Since the beginning of the civil war in Syria, when conflict created a vacuum of political power, people in the predominantly Kurdish north of the country have initiated a social revolution that has resulted in women playing a central role in new democratic and inclusive methods of community organising.
Women co-chair every school, workplace and government structure, while the different ethnic and religious communities now also enjoy equal social status and representation. Participatory decision making and concern for the environment are also key pillars of the new society being created in the midst of a war zone.
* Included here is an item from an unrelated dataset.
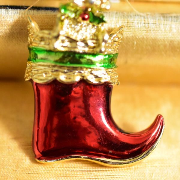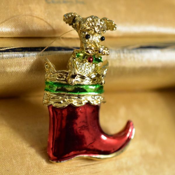 ヴィンテージ GERRY'S刻印 エナメル/七宝 靴下と子犬のブローチ げーリーズ 本物保証 雑誌掲載品 クリスマス
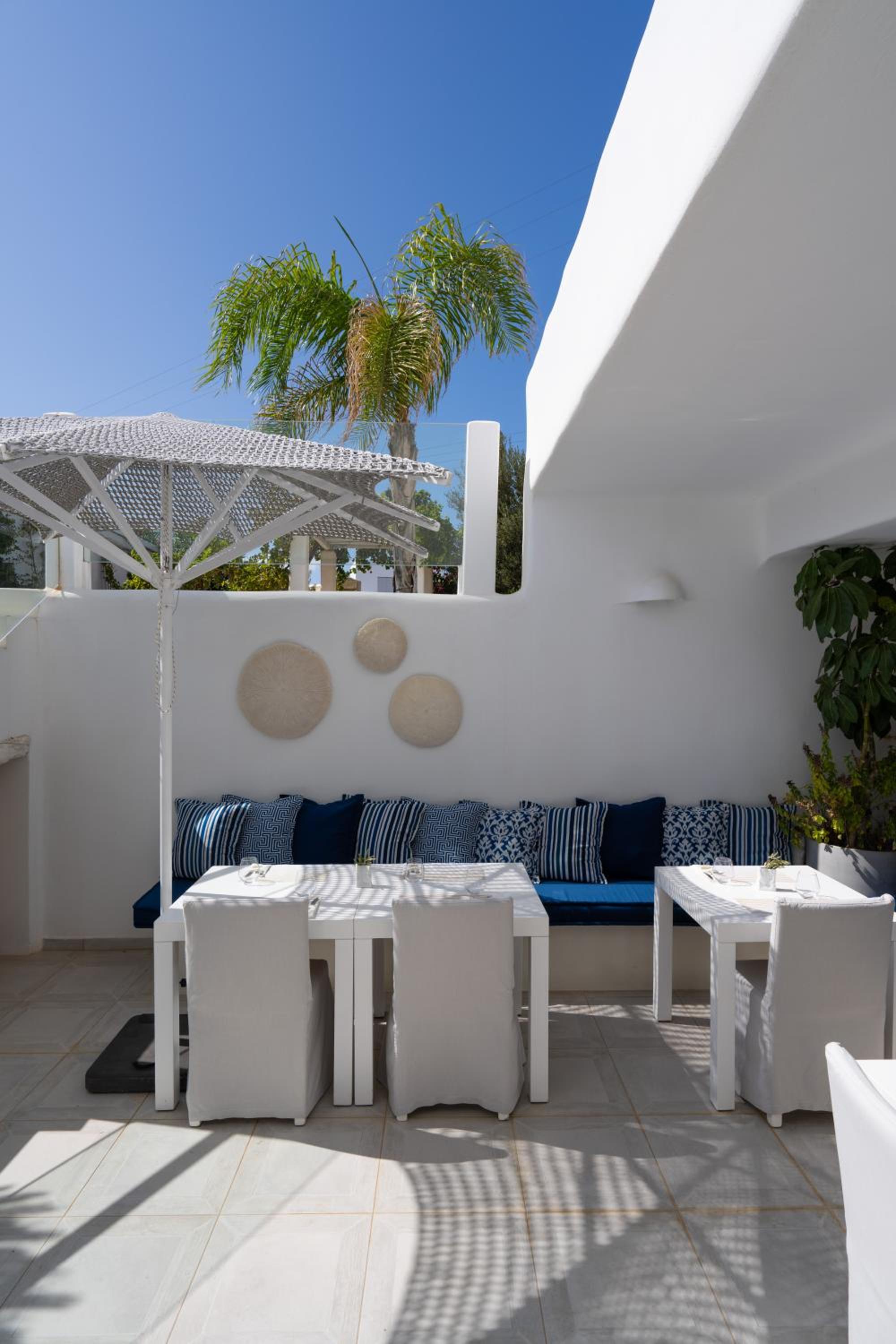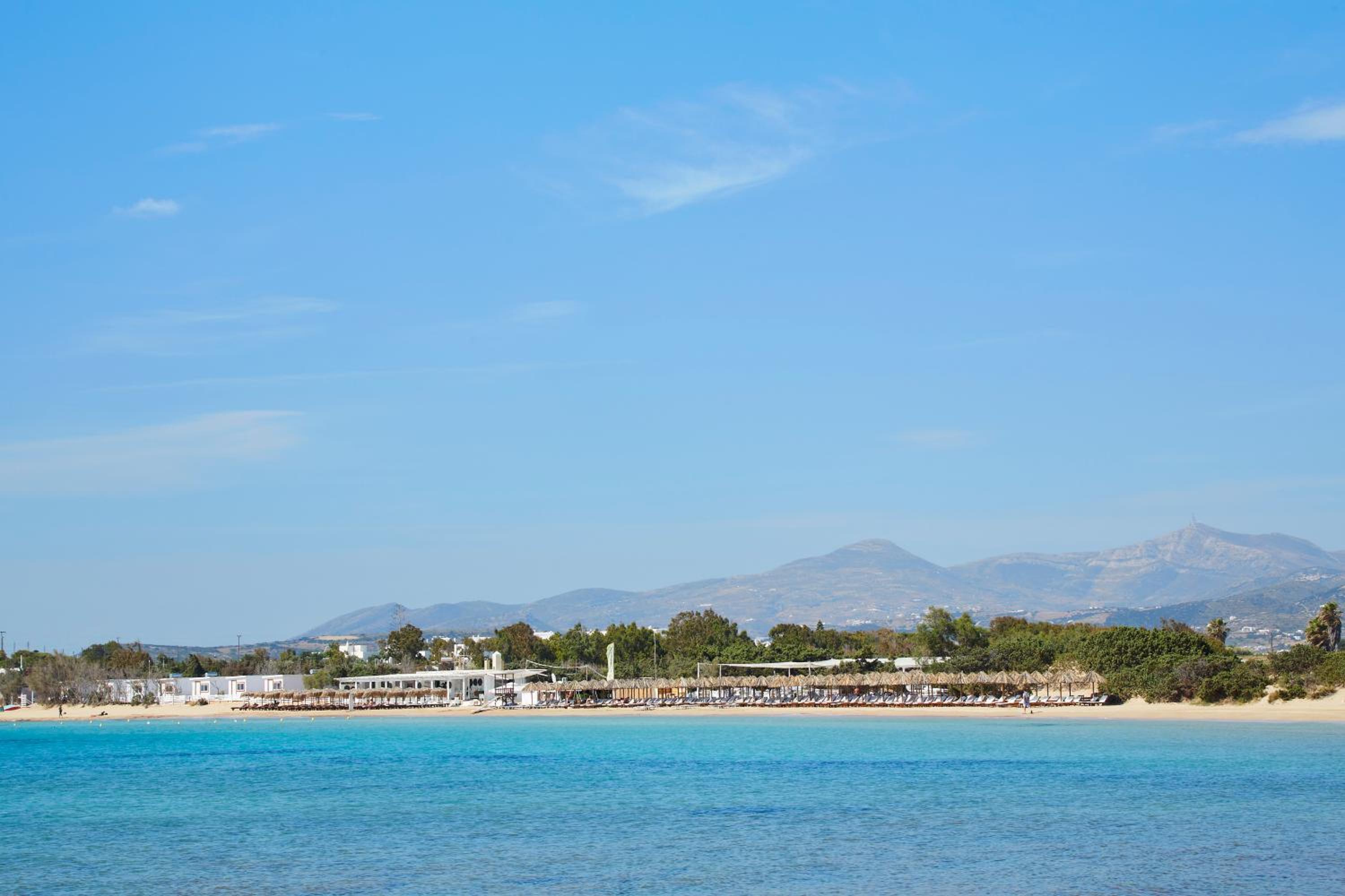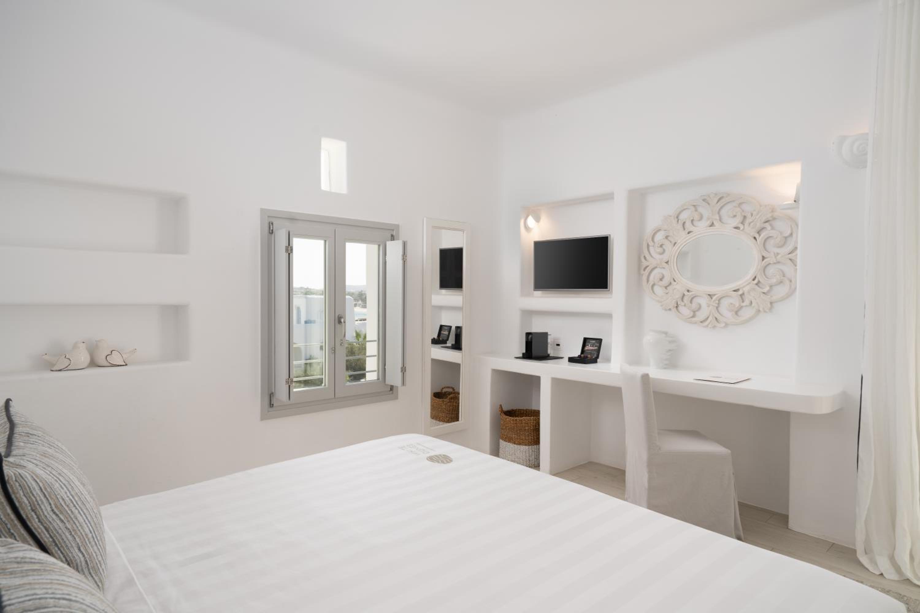 Wonderful stay. Staff was warm, friendly, and not only met our needs, but anticipated them. Customer service was exemplary. Beautiful facility and rooms. Very quiet atmosphere. You can see water at Santa Maria beach, but 1st floor rooms only get a peak. Short walk to this nice beach. Short drive to Naoussa. Delicious breakfast with many options. More limited dinner menu at on site restaurant but tasty and enjoyable. Highly recommend this hotel

Almost immediately, this experiment came under fierce attack, first by Islamic State and now by Turkey and its jihadist allies inside Syria. The heroic defence of the town of Kobane in 2014–15 caught the attention of the world. The YPJ and the People's Protection Units (YPG) were in the front line and succeeded in stopping the advance of Islamic State, an advance Turkey and other regional powers actually encouraged and facilitated materially.
The Turkish state, which for decades has sought to eradicate Kurdish political and cultural aspirations within Turkey, sees this organic revolution on its doorstep as a direct challenge to its hegemonic nationalist aims within Turkey and its ability to control events in the region.
With the failure of Islamic State to overwhelm the resistance at Kobane, Turkey, the second largest army in NATO, has now launched a frontal attack on Afrin, a canton within the Democratic Federation of Northern Syria. This canton, geographically isolated from the rest of the DFNS and home to many thousands of refugees from other areas of Syria, is seen by the Turkish regime as an easy target.
Such is the danger of Afrin being overrun by the Turkish army and jihadists that the Kurdish community in Perth and supporters held the film screening for IWD with the aim of building local solidarity. The event was a great success.
However, it was marred by the efforts of Turkish nationalists, waving flags, blaring music and calling families with children present terrorists, to disrupt the event and intimidate attendees. At one point, there was a genuine fear they would try to physically force themselves into the building. Doors were locked and the police called.
Local Kurdish community member Brin told the audience, "What you see here is incomparable to the violence people in Turkey and Syria are facing. In Afrin, every day people are killed, while in Turkey if you are a Kurd or you stand up, you face being beaten and jailed."
In its efforts to suppress the Kurds culturally and politically, Turkey has labelled the Kurdish Worker's Party (PKK) a terrorist organisation, and has successfully lobbied governments around the world, including its NATO partners and Australia, to do the same. This has been extended to the YPJ, with the recent dramatic incident when scores of German riot police entered a home to remove a YPJ flag from a window.
The irony is that Turkey, under its president Recep Tayyip Erdogan, is fast descending into a fascist state and has actively sponsored Islamic State. Yet it is able to foster a global ban on the YPJ, the frontline fighters against Islamic State terrorists.
The Australian government’s listing of the PKK as a terrorist organisation significantly effects the ability of left and democratic forces here to provide meaningful support to those desperately defending themselves and their revolution in Afrin.
This is why the national campaign here in Australia to have the PKK delisted as a terrorist group is so important, both for Afrin and the fight against fascism everywhere.